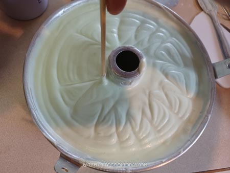 - Pour the batter into an UNGREASED chiffon cake pan. Use a rubber spatula to smooth the surface. Gently drop the cake pan from about 10 cm height on the counter 2-3 times. Use a skewer to draw a zig zag to pop bubbles inside the cake batter
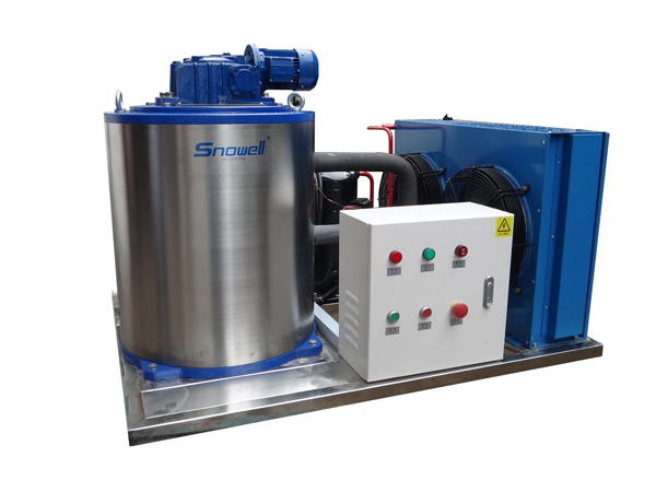 片冰機是制冰機的一種,按水源區(qū)分,可分為淡水片冰機,海水片冰機,一般多為工業(yè)制冰機。片冰為薄片、干爽疏松狀的白色冰,厚度1.0毫米到2.5毫米不等,片面形狀不規(guī)則,直徑約為12到45毫米。片冰無尖銳棱角,不會刺傷冷凍物體??蛇M入被冷卻物之間的間隙,減少熱交換,保持冰的溫度,并有良好的保濕效果。片冰制冷效果優(yōu)秀,有制冷量大、迅速的特點,因此主要應用于各種大型制冷設施、食品速凍、混凝土冷卻等等。
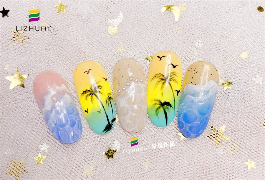 廣西哪里可以美甲進(jìn)修?請(qǐng)看麗竹美甲學(xué)員作品---泡泡海洋風(fēng)美甲
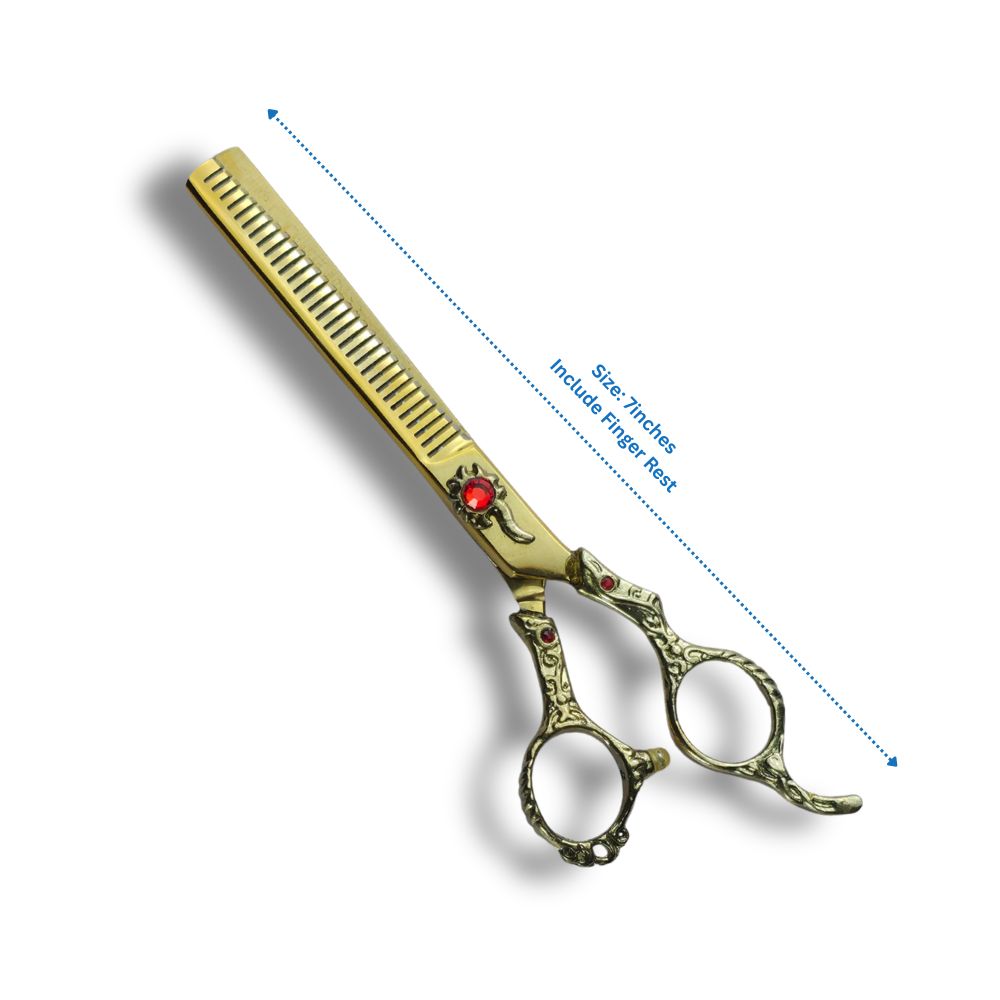 Kit de 5 Piezas: Incluye tijeras de corte, entresacar, navaja grabada, peine y estuche rojo de protección.
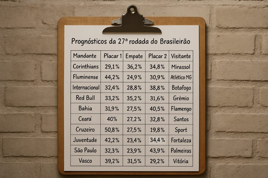 A 27ª rodada do Campeonato Brasileiro começa neste sábado (4), com quatro partidas. Porém, os duelos que podem mexer na parte de cima da classificação ocorrem no domingo (5). Líder com 55 pontos, o Flamengo visita o Bahia, na Arena Salvador. Segundo os prognósticos do Bola em Campo, com base no desempenho das equipes no […]
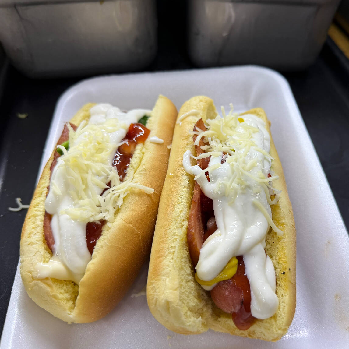 winnie,chile jalapeño, tomate, cebolla, quezo blanco, ketchup, mostaza,mayonesa y crema
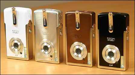 佳能公司的这款400万像素数码相机只有名片大小,并且提供了银白色,乳白色,古铜色,黑色四种颜色备选,恰似一件美轮美奂的艺术品,成为了万千美眉心驰神往的“电子玩具”。
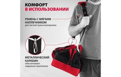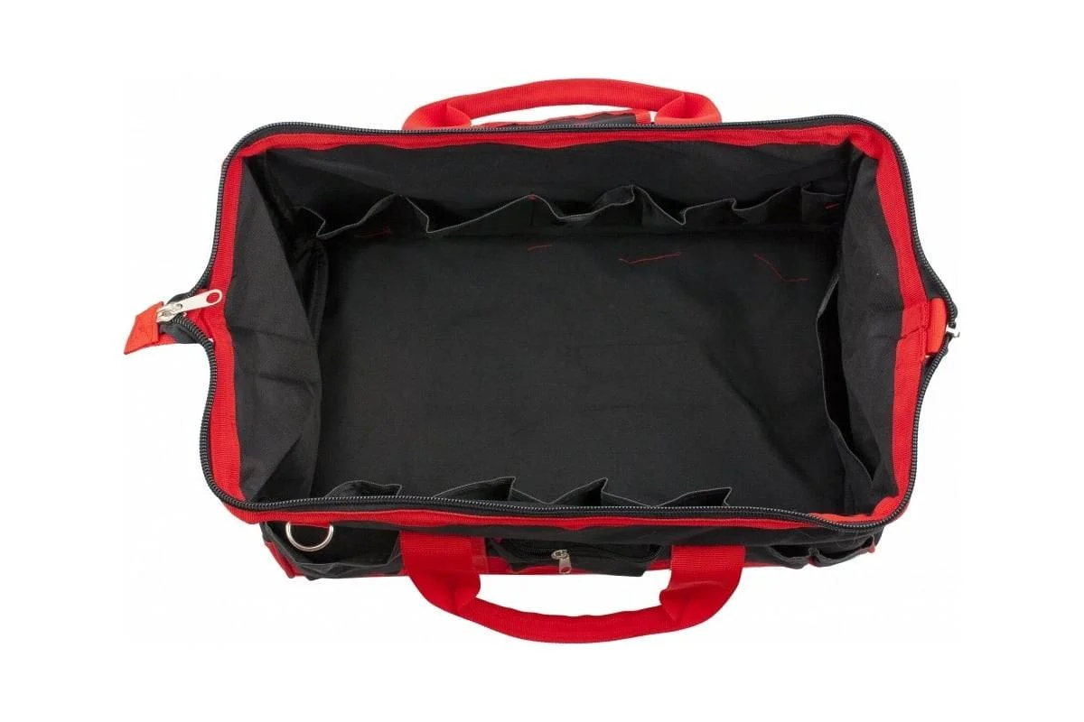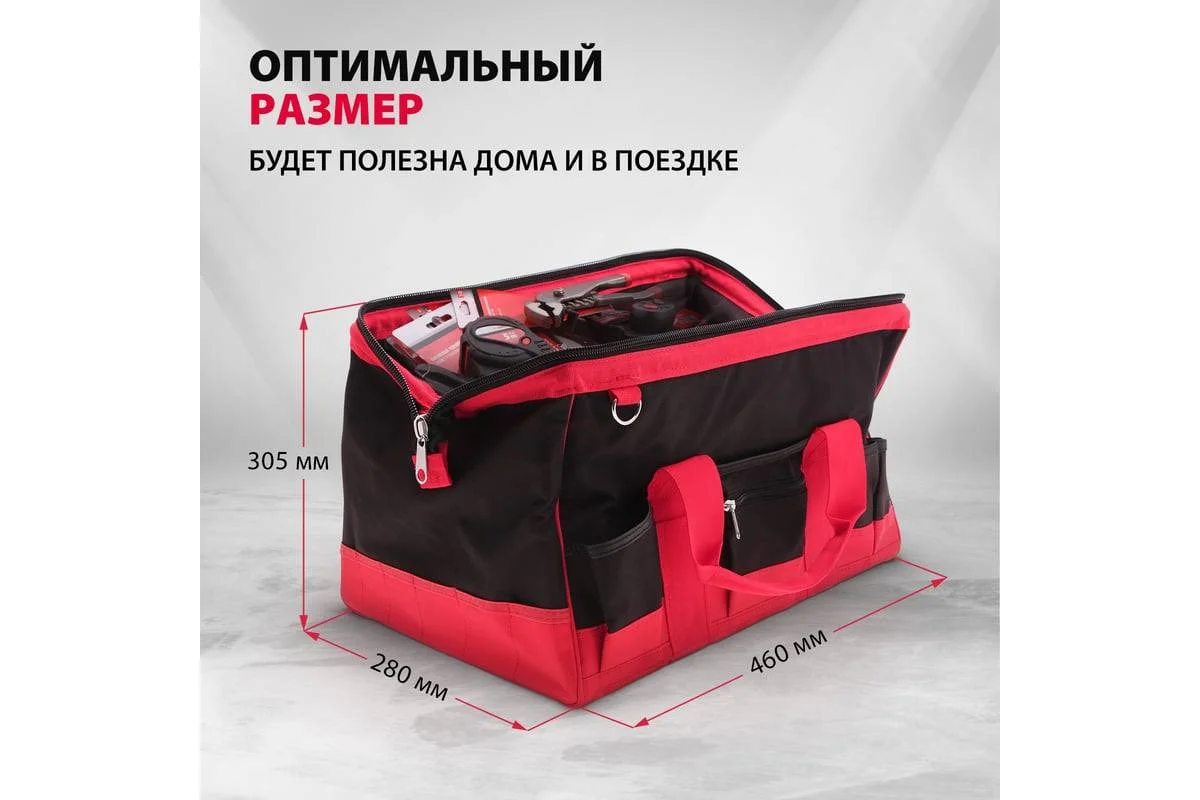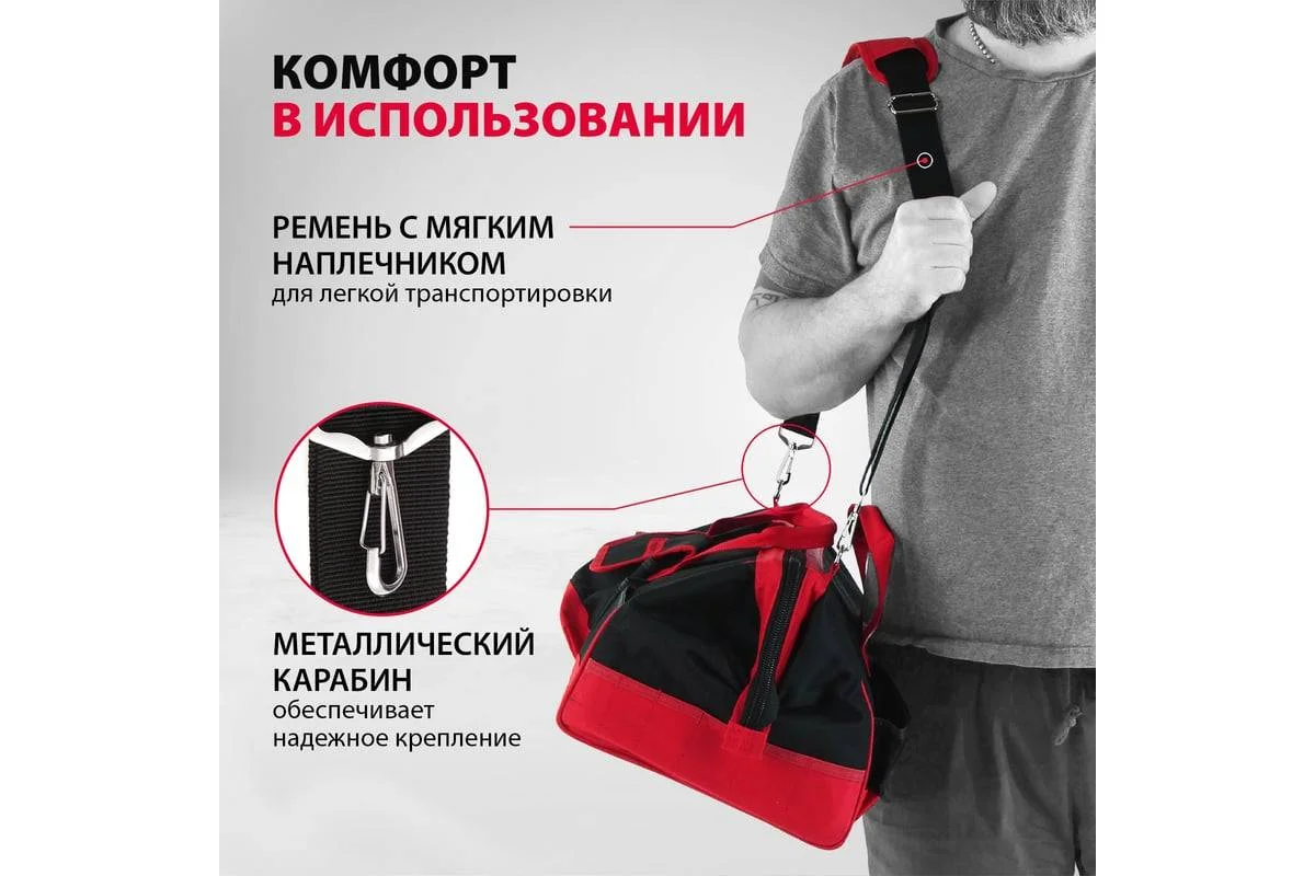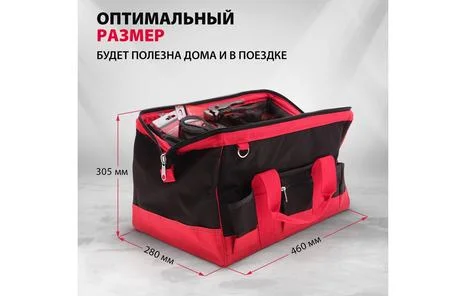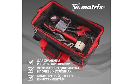 Сумка Matrix 90256 с 32 карманами, 460 х 280 х 305 мм, предназначена для транспортировки и хранения слесарных или столярных инструментов. Может использоваться для перевозки автопринадлежностей. В ней 32 кармана и вместительное основное отделение, в которых можно разместить инструменты разного размера. Сумка комплектуется наплечным ремнем с расширяющей накладкой для удобства переноски. Пригодится монтажникам, слесарям, строителям, будет полезна дома и в поездке.
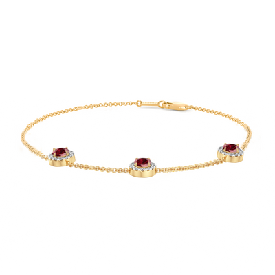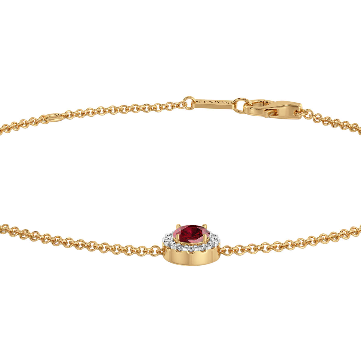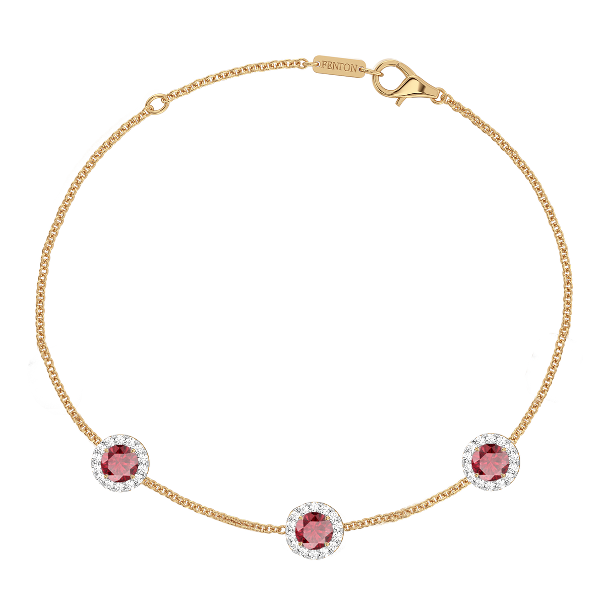 Das Garland Armband in Rubin vereint feminine Romantik und zeitlosen Stil. Dieses zarte Design mit drei Runden Rubin Steinen in einer klassischen Krallenfassung, umgeben von einem glitzernden Halo aus Diamanten der Farbe G/H und der Reinheit VS, ist ein Schmuckstück, das man für immer in Ehren hält. Das Design mit drei Steinen ist ein Favorit von Fenton und erinnert an eine Blumengirlande, eines der universellsten Symbole der Liebe.

DESCRIPTION OF THE TASK:
Give back an exact repeat of the lines from the top of the data through the line that holds "佳能公司的这款400万像素数", both included, and omit pictures.

SOLUTION TO THIS PROBLEM:
 - Pour the batter into an UNGREASED chiffon cake pan. Use a rubber spatula to smooth the surface. Gently drop the cake pan from about 10 cm height on the counter 2-3 times. Use a skewer to draw a zig zag to pop bubbles inside the cake batter
 片冰機是制冰機的一種,按水源區(qū)分,可分為淡水片冰機,海水片冰機,一般多為工業(yè)制冰機。片冰為薄片、干爽疏松狀的白色冰,厚度1.0毫米到2.5毫米不等,片面形狀不規(guī)則,直徑約為12到45毫米。片冰無尖銳棱角,不會刺傷冷凍物體??蛇M入被冷卻物之間的間隙,減少熱交換,保持冰的溫度,并有良好的保濕效果。片冰制冷效果優(yōu)秀,有制冷量大、迅速的特點,因此主要應用于各種大型制冷設施、食品速凍、混凝土冷卻等等。
 廣西哪里可以美甲進(jìn)修?請(qǐng)看麗竹美甲學(xué)員作品---泡泡海洋風(fēng)美甲
 Kit de 5 Piezas: Incluye tijeras de corte, entresacar, navaja grabada, peine y estuche rojo de protección.
 A 27ª rodada do Campeonato Brasileiro começa neste sábado (4), com quatro partidas. Porém, os duelos que podem mexer na parte de cima da classificação ocorrem no domingo (5). Líder com 55 pontos, o Flamengo visita o Bahia, na Arena Salvador. Segundo os prognósticos do Bola em Campo, com base no desempenho das equipes no […]
 winnie,chile jalapeño, tomate, cebolla, quezo blanco, ketchup, mostaza,mayonesa y crema
 佳能公司的这款400万像素数码相机只有名片大小,并且提供了银白色,乳白色,古铜色,黑色四种颜色备选,恰似一件美轮美奂的艺术品,成为了万千美眉心驰神往的“电子玩具”。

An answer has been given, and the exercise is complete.